Parsers should support unvalidated UTF16
Currnetly the parsers, like Instant::from_str() requires validated UTF8 str.
JS engines typically have UTF16 or unvalidated UTF8.
It would be nice if these parsers were written to consume &[u8] (most of the parsing is ASCII only anyway), so we could at least operate on unvalidated UTF8 and have from_utf8_bytes() functions.
Ideally we also have UTF16 functions. That would need a tweak to the ixdtf parser.
cc @nekevss
A thing I may do over capi is adding from_str_utf8() from_str_utf16() that take DiplomatStr and DiplomatStr16, converting internally. Then over time we can make optimizations to avoid conversions/checking.
Parsing unvalidated utf8 has been implemented in #295
With unicode-org/icu4x#6577 merged, implementing UTF16 support should mostly be unblocked.
Added a mention of Latin-1 to the issue.
So are you thinking that instead of from_utf8, we rename to from_latin1?
I was sort of leaning towards keeping from_utf8 since the validation for values is ASCII anyways and would cause less confusion from the native Rust side of things.
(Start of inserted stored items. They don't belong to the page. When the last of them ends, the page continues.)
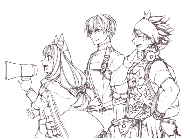 名前は苗字みたいな下の名前繋がりで、アキヨシ、タツミ(バンダナ)、シバ(ルシェ子)です。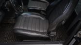 The cabin is trimmed in black leatherette with basket-weave inserts on the front seats, matching door panels and carpeting, and black and yellow Coco Mats covering the footwells and center tunnel. Equipment includes a MOMO steering wheel, a Sony cassette head unit, fold-down rear seats, and roll-up windows.
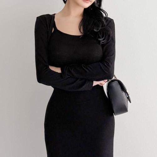여성 나들이 하객룩 슬림 원피스 간절기 긴팔 데일리룩 골지 가을 데일리 롱원피스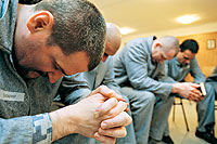 magyaráz a fiúknak a református börtönlelkész. Enyhe derültség. A fehér falon nagy kereszt. Csütörtök, három óra: a heti két missziós foglalkozás egyike. A részvétel önkéntes, ahogy a lelkész mondja, van, hogy öten jönnek, van, hogy ötvenen. Van, hogy csak balhéból.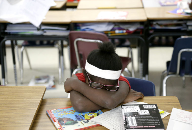 A student lays her head on her desk after being asked to stay in the classroom during recess by her third-grade teacher at Hawthorne Elementary School. Karesha Solomon kept several students in her class during recess for breaking classroom rules in the morning. JOHN CLANTON/Tulsa World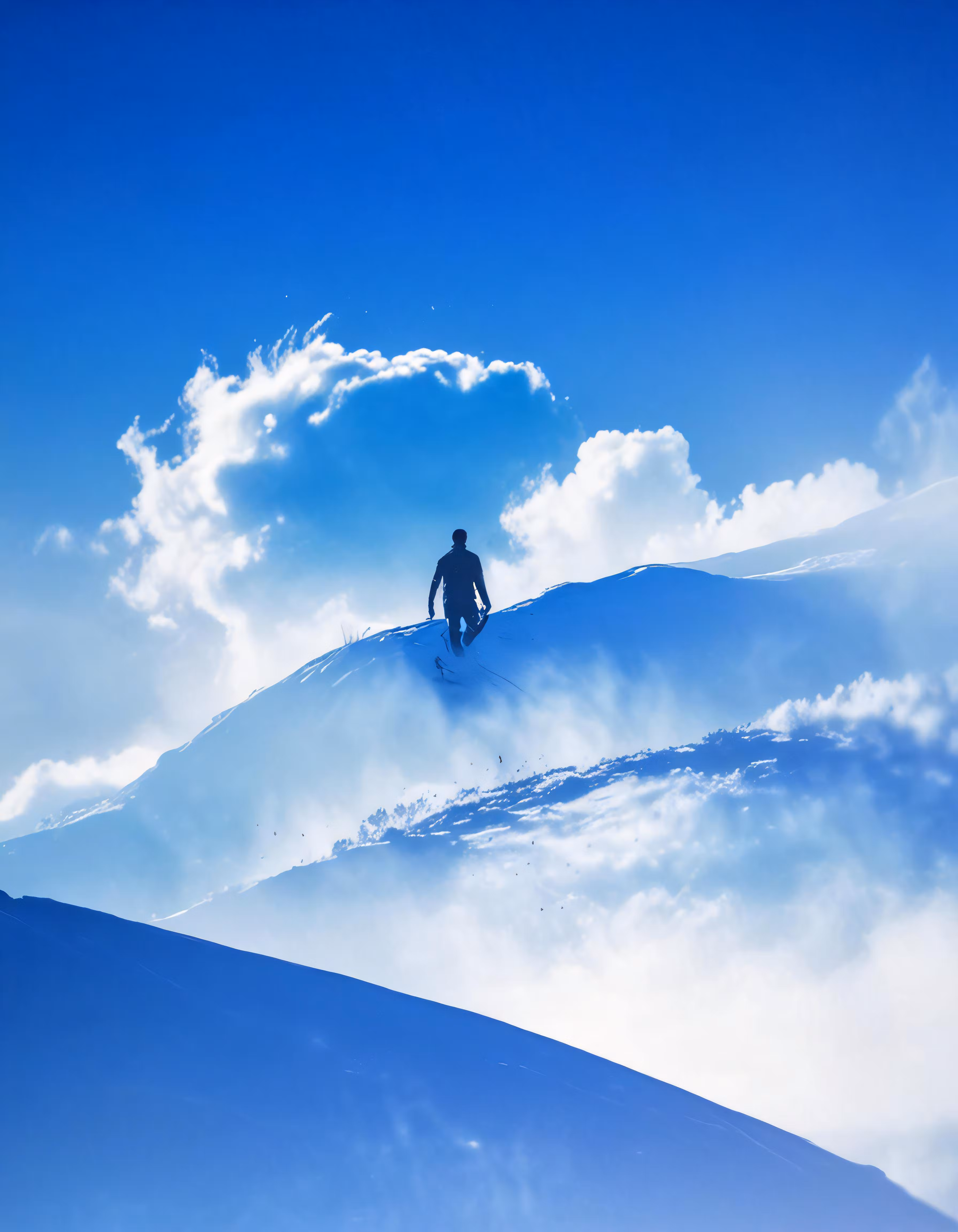 High resolution picture, free to use, snowboarder standing at the top of a snow covered mountain
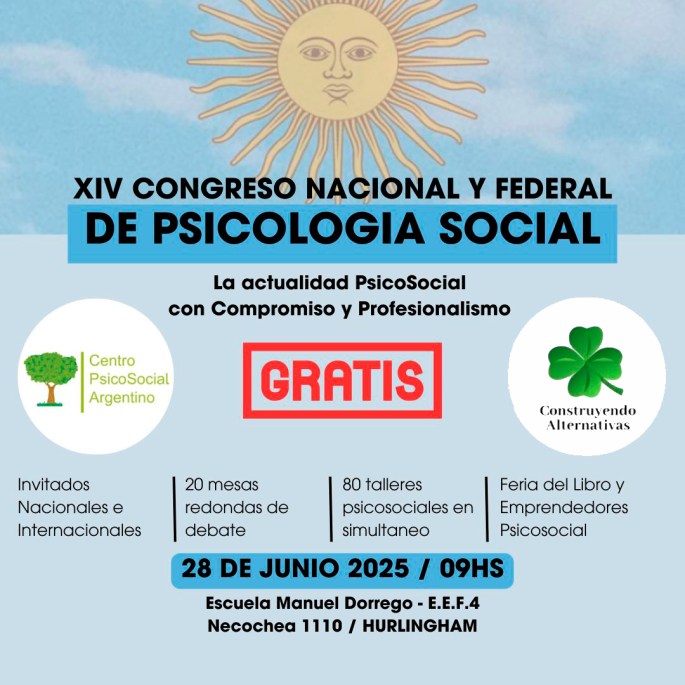 XIV CONGRESO NACIONAL Y FEDERAL DE PSICOLOGÍA SOCIAL La Actualidad Psicosocial, con Compromiso y Profesionalismo. La verdadera lucha es acá, con trabajo genuinoTod@s los Psicólog@s Sociales y Estudiantes serán bienvenidos Actividad GRATUITA – Entrada Libre y GRATUITA. 28 de Junio 2025 en HURLINGHAM Esc. Manuel Dorrego – E.E.F. 4 / Necochea 1110 Invitados Nacionales e Internacionales … Sigue leyendo XIV CONGRESO NACIONAL Y FEDERAL DE PSICOLOGIA SOCIAL.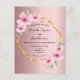 An elegant tropical summer wedding invitation. With a faux gold geometric frame decorated with light pink hibiscus, flowers tropical florals with some greenery. A blush pink faux metallic background.

But I'm also open to other alternatives:
- from_bytes
- from_latin1
- from_ascii_bytes
- from_utf8 (same)
So are you thinking that instead of from_utf8, we rename to from_latin1?
No, we'd have both, like ICU4X.
But yes, since it's all ASCII anyway, the point might be moot.
With #365 merged, this implementation is no longer blocked by ixdtf.